State Bank of Vietnam (SBV) continues to build up its foreign exchange reserves to cushion external shocks, raising the fund to a new record high of US$63 billion.

Mai Tien Dung, Minister and Chairman of the Government Office unveiled the information at a press conference following a monthly cabinet meeting recently.
 
SBV has bought in $32 billion worth of hard currencies in the past two years
SBV has bought in $32 billion worth of hard currencies in the past two years
SBV has bought in $32 billion worth of hard currencies in the past more than two years, Dung said.
According to experts, SBV has so far this year also changed its way to purchase the foreign currency. Previously, the bank bought foreign currency in spot trade, with volumes reaching $1 billion to $3 billion per day, meaning that an equivalent volume of VND was pumped into the market in a short time.
But since February 7, the bank launched three-month futures contracts to regulate the flows in a more flexible way. Around 40 percent of the forex has been purchased through futures, helping to balance cash flows to moderate pressures on interest rates, the USD/VND rate and inflation.
The rise of the country’s foreign reserves was reported in the context of the foreign exchange rate in the domestic market being relatively stable. According to the central bank, liquidity of the domestic foreign exchange market was good and met the demands of local organizations and individuals.
Experts attributed the stability to reasons such as SBV’s flexible central rate management mechanism, which ensured that the domestic foreign exchange market was less affected by global factors.
The Government’s policy to encourage locals to convert forex holdings into VND has also provided support. 
In addition, the domestic supply-demand relationship with the dollar was relatively stable. Foreign currency supply from exports, foreign direct investment (FDI), official development assistance, tourism and remittances grew positively in 2017 and in the first quarter of this year.
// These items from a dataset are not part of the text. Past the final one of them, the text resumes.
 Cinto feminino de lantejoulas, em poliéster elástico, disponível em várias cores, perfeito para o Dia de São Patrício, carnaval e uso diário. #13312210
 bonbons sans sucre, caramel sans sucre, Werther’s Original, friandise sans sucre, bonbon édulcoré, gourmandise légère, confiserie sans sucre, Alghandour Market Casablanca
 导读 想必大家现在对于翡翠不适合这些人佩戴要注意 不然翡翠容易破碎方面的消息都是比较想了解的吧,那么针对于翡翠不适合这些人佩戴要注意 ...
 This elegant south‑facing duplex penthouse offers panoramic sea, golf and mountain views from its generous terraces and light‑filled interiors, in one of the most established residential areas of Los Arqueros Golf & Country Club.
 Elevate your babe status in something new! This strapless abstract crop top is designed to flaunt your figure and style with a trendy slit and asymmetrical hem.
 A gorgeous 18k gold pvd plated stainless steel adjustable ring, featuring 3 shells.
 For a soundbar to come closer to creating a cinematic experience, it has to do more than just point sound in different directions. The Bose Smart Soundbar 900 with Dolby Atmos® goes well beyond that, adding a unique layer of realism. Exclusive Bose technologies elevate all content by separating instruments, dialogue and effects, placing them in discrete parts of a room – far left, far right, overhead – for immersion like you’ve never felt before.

Vietnam recorded trade surplus of $2.7 billion in 2017, or 1.4 per cent of total export turnover, according to the Ministry of Industry and Trade. The total export value this year was $214 billion and import value was $211.1 billion, up 21.1 per cent and 20.8 per cent against last year, respectively.
The country’s trade turnover continued to witness a positive growth in the first quarter of this year, with a trade surplus of nearly $2.7 billion, according to a report from the General Department of Customs.
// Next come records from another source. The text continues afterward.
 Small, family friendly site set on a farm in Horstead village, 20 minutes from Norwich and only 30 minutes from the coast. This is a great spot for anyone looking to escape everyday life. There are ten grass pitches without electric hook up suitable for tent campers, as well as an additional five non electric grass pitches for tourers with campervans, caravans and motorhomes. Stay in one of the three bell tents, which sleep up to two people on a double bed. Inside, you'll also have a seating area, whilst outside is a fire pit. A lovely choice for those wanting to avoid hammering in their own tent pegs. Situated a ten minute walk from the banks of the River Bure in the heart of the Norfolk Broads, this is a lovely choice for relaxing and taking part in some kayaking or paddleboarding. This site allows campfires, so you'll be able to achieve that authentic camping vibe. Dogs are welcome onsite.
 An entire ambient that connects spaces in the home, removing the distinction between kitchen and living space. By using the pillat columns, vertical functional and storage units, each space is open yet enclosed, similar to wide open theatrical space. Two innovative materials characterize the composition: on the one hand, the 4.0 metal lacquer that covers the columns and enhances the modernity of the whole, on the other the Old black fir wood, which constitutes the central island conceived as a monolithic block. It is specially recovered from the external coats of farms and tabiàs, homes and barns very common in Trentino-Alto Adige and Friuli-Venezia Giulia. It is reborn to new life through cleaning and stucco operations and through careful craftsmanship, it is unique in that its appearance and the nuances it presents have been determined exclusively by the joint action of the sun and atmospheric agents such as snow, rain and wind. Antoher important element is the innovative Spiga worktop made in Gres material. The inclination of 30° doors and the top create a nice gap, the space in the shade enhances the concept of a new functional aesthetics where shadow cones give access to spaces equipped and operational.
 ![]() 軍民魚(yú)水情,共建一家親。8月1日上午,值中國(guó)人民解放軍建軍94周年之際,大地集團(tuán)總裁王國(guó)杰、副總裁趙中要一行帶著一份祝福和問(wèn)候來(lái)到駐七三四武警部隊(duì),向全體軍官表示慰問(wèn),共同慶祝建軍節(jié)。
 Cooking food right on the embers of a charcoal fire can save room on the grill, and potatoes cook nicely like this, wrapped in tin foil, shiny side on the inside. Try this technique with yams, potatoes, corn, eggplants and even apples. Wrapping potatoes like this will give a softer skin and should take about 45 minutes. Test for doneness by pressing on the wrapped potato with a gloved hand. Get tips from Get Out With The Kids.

The country’s total FDI capital last year also reached a record high of $35.88 billion, up 44.4 per cent against the same period last year, while FDI disbursement capital also rose by 10.8 per cent to $17.5 billion. 
FDI disbursement in the first quarter of this year also reached roughly $3.88 billion, representing a surge of 7.2 percent against the previous year.
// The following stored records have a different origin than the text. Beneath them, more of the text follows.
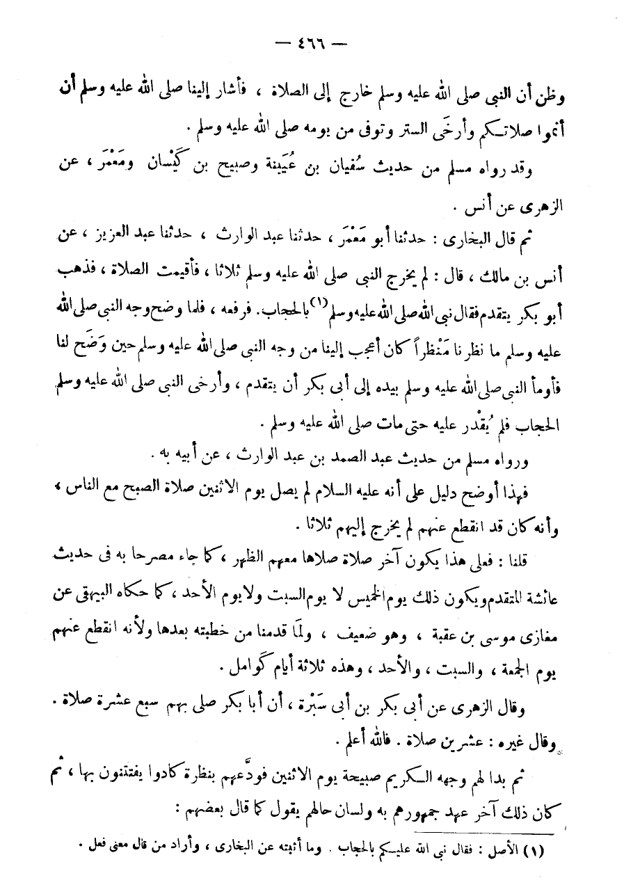 ثمَّ قَالَ الْبُخَارِيُّ: حَدَّثَنَا أَبُو مَعْمَرٍ، حَدَّثَنَا عَبْدُ الْوَارِثِ، حَدَّثَنَا عَبْدُ الْعَزِيزِ، عَنْ أَنَسِ بْنِ مَالِكٍ، قَالَ: لَمْ يَخْرُجِ النَّبِيُّ صَلَّى اللَّهُ عَلَيْهِ وَسَلَّمَ ثَلَاثًا، فَأُقِيمَتِ الصَّلَاةُ، فَذَهَبَ أَبُو بَكْرٍ يَتَقَدَّمُ فَقَالَ نبى الله صلى الله عَلَيْهِ وَسلم (1) بِالْحِجَابِ.
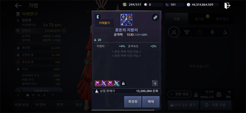 (현재 본캐 풀혼돈, 올차수, 각인은 평균 30)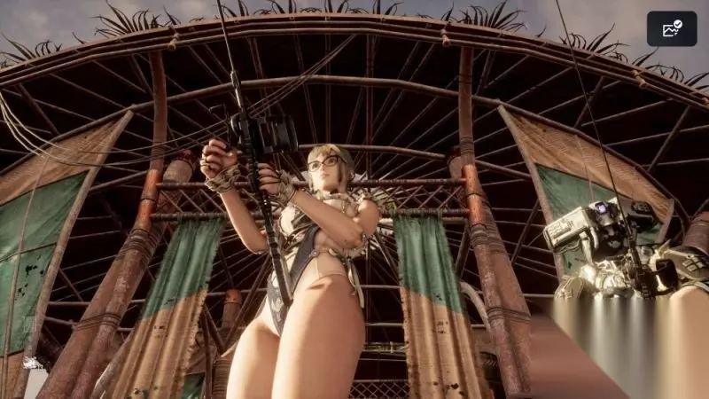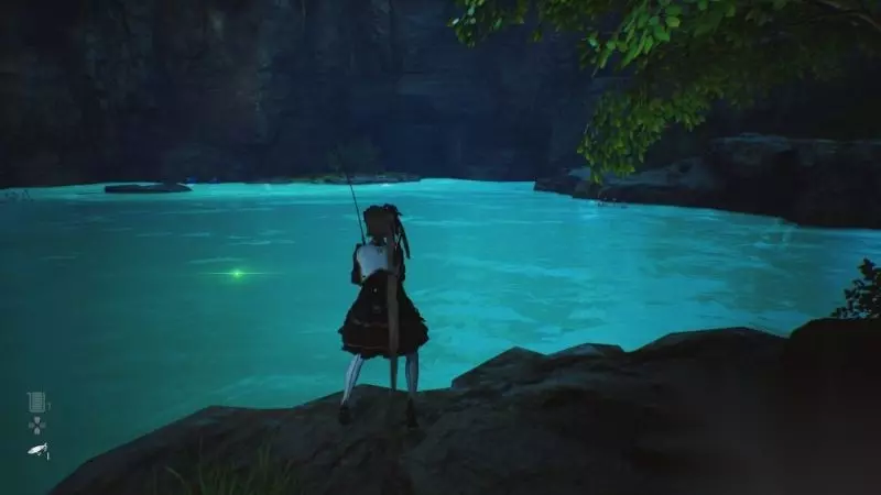 另外在沙盒地图中跑动一段时间后会进入疾驰模式,这是减少玩家跑路时间的便利设计。然而由于游戏中的敌人密度不低,而被敌人察觉到疾驰模式就会打断,突然慢下来的速度又不得不让玩家回过头去应对敌人,这反倒拉长了跑路时间。 被察觉后玩家是无法进行任何互动的,我好不容易过了一段建筑物跳跳乐,到了最终的宝箱面前,却发现因为建筑外一只不能动的触手进入了察觉状态,眼前的奖励怎么都拿不到时,我又不得不跳下去解决触手,然后重新跳一遍的烦躁感就随之而来了。 如果你想打白金,那么散落在世界各地的文件与易拉罐就必不可缺。其实这算是我喜欢的收集要素,各种文件很好的补全了世界观与角色设定,易拉罐对于我这种饮料爱好者来说,69种看起来很可口的饮料,以及收集时伊芙会摆出的酷炫姿势也很对我的胃口。 在刚开始收集这些的时候是相当具有满足感的,可一旦到了收集末期就完全不一样了。文件和易拉罐没有任何的线索引导,其本身在游戏中看上去也只是个地上不起眼的小光点而已。 在线性关卡中无非就是让我重新再顺着路线检查一遍而已,顶多算是一种轻度折磨。而在沙盒关卡中找那么几个小光点,那简直就是犹如大海捞针般的顶级折磨了。 那如果进二周目,以顺便的方式再收集这些剩下的东西又如何呢?这也不行,因为游戏根本就没有二周目一说。你通关之后什么都不能带走,游戏只是给你新增了一个困难难度,无论如何都必须从零开始游玩。 而如果你没有事先备份存档的话,游戏通关后给的最后一个存档也会放在不能自由行动的最终BOSS房门口,后悔药都没得吃。 很难想象这种问题会在一款本世代最新的动作游戏中出现,SHIFT UP可能完全没有考虑到玩家的收集体验。 此外还有游戏中的钓鱼要素,钓鱼的全收集不难,甚至这个系统会奖励一个游戏中我认为最色的服装,但是钓鱼的操作很令人不解。 在鱼上钩之后,玩家需要连按方块键来消耗鱼的力气,连按最少30秒简直就是手指锻炼。不仅如此,还需要趁着鱼在疲惫的时候,通过自适应扳机来收杆,你得非常精准的将手指按压力度保持在不停变化的指定位置。 即使是你的手很稳,并且对于力度的掌握也很到位,手柄也会通过不断的高频震动来影响你的按压精度,钓巨型鱼时那个难度简直令人发指。 好在最后我还是找了减少受苦的方法,那就是进入辅助设置之中将钓鱼辅助给打开。钓鱼操作瞬间变成了按住方块和按住扳机键即可,体验跟着正常了许多,我觉得把这当成钓鱼的默认操作才对。

Vietnam was also listed among the world’s top 10 recipients of remittances in 2017, receiving approximately $13.8 billion, up 16 percent against the previous year, according to a report of the World Bank.
SBV Governor Le Minh Hung attributed the success to SBV’s insistence in monetary and foreign currency policies, adding that the rising foreign reserves has contributed to strengthening Vietnam’s prestige and creating confidence in investors investing in Vietnam.
Hung affirmed that SBV would continuously try to increase the country’s foreign reserves this year, besides supporting efforts to stabilize the forex market.
Experts have so far also been optimistic about the foreign exchange market in 2018, noting that the market would be stable, with VND devaluing slightly by some 0.5-1 percentage points to VND22,710-VND22,950.